Posted: Mon Aug 11, 2008 7:03 pm
by dronil
Hi,

Sorry if this has already been answered somewhere, but since I am a real newbie/dummy with linux and linuxsampler, I'd really appreciate some guidance! (This is actually my first post to a bb ever, so please bear with me.)

Thing is, would someone recommend compile time settings for an Intel Q6600 (core2quad) 64-bit UbuntuStudio 8.04.1, 8Gbyte RAM system where increased polyphony is needed?

I've been trying to understand what settings to change but I am still very uncertain what settings should be changed to what degree and why...(as I said I am really ignorant to all this...). I've read the debian howto on the main site and most of the topics in this bb and I am still uncertain what to do...

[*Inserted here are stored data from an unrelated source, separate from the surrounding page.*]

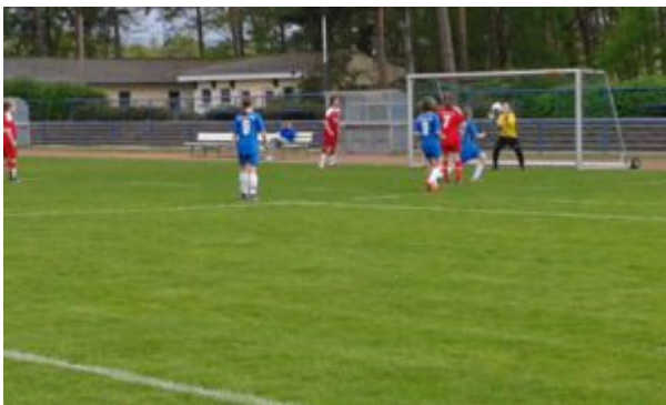
Diesmal hat sie Ihn

Aber unsere Turbinen schluckten diese Pille, denn schon im Gegenzug stellte Pani die Gästekeeperin auf die Probe.
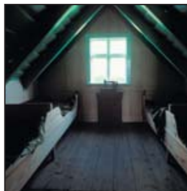
La ferme Sel, intérieur.

Skaftafell était naguère une ferme importante ainsi qu'un lieu de rassemblement. Très tôt elle devint propriété de l'église et ensuite du roi. Les bâtiments étaient naguère au pied des collines et on en voit encore les ruines près d'Eystragil, dans un site appelé Gömlutún. Les crues de la Skeiðará ont couvert peu à peu les anciens près de sable et la ferme a été déplacée de 100 mètres sur le versant de la colline, dans les années 1830 à 1850.
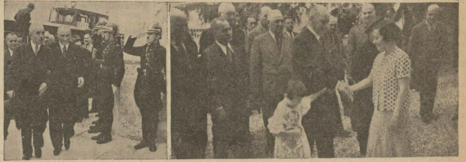
Yukarıda, Atatürkün Haydarpaşada istikbali, aşağıda Büyük Şef Başvekilile beraber kolkola Saraya giriyor, sağda kadın tayyarecimiz Sabiha Gökçen Sarayın bahçesinde Atatürkü karşılarlarken

Nyon anlaşmasının Büyük Millet Meclisinde müzakere ve tasdiki münasebetile Ankarayı teşrif eden Atatürk, refakatlerinde Başvekil İsmet İnönü ve bazı Vekiller olduğu halde, dün hususi trenlerle şehrimize dönmüşlerdir.
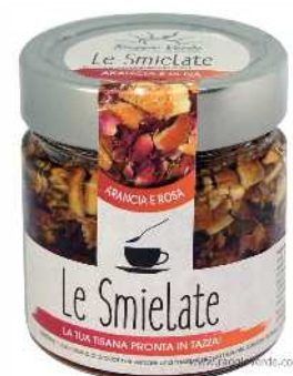
SMIELATA ARANCIA E ROSA 270 G
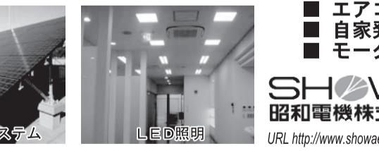
太陽光発電システム LED照明
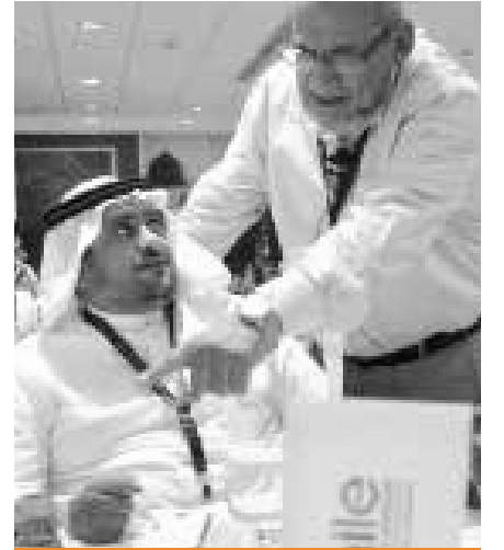
جلسات الإرشاد الإداري Coaching
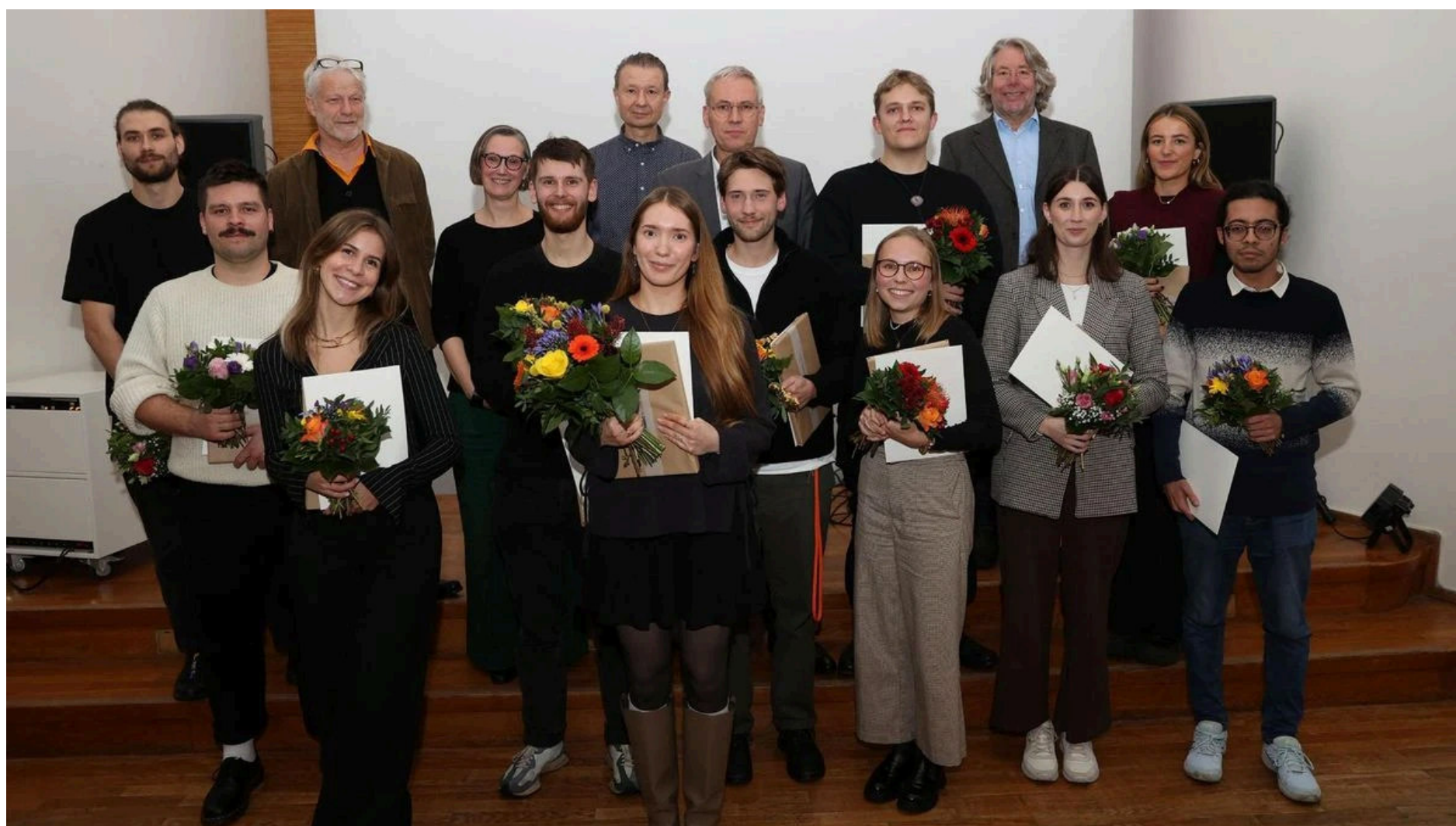
Die Sieger und Platzierten des 14. „Wolfsburg Award for urban vision“ der Stadt Wolfsburg.

Von Stephanie Giesecke Redakteurin Wolfsburg
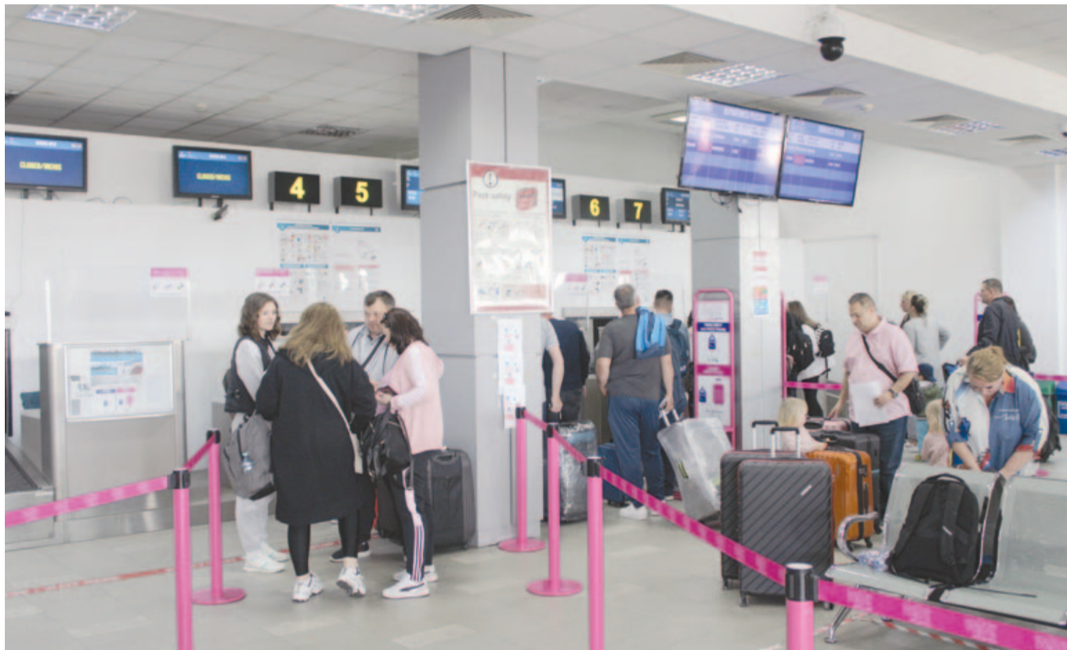
Tavasszal kezdhetik az új utasfogadó építését
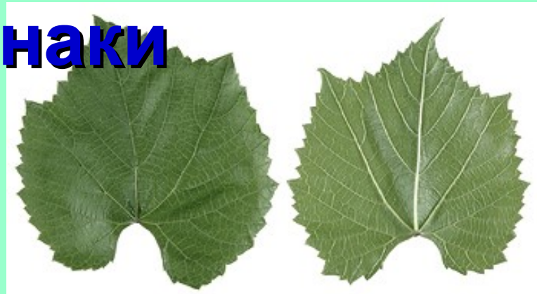
Berlandieri x Riparia Kobber 5 BB
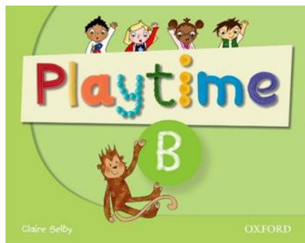
PLAYTIME B – CLASS BOOK Ed. SBS (Oxford)
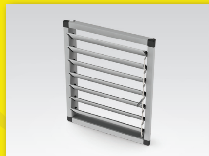
Wloty tunelowe JLZ
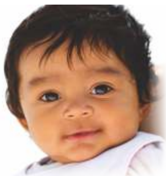
Face / चेहरा
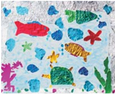
※テーマは「キラキラ光る絵」です。
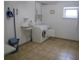
Waschmaschine und Trockner gegen Gebühr im Keller des Hauses
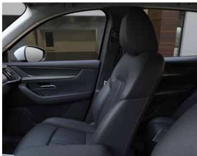
Zwart lederen zetelbekleding en contrasterende stiknaden (HOMURA, optie op EXCLUSIVE-LINE)
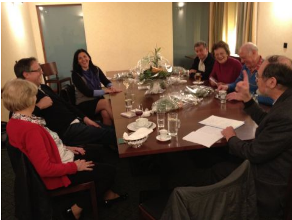
Arbeitsgruppe an der Generalversammlung 2012

I do have LS running today but want to increase polyphony and at the same time optimize for my hardware. I really like LS and will from now on take the linux path (abandoning MS$). I use it both for playing virtual piano and a virtual theater pipe organ (MiditZer) and it works great - but with Miditzer it seems I sometimes run out of polyphony (or is it voices?).

I have also been trying to find out what all compile time default (and min-max) settings and metrics are - is this documented somewhere?

Sorry if I sound confusing, hope you understand what I'm looking for...

Anyway, any input will be highly appreciated, for sure!

/dronil

Re: Help with compile time settings for a Q6600 linux box

Posted: Tue Aug 12, 2008 3:54 am
by ccherrett
--enable-preload-samples=32768
--enable-max-streams=800
--enable-max-voices=760

That is what I have setup for my config. You set those variables when running ./configure.

So:

./configure --enable-preload-samples=32768 --enable-max-streams=800 --enable-max-voices=760

I cannot remember what exactly these options do although the names seem clear. You can search from there to get what you need. Your machine could easily handle these options I have and give you what you need. The settings here are used for my Orchestral setup so the organ should be nothing.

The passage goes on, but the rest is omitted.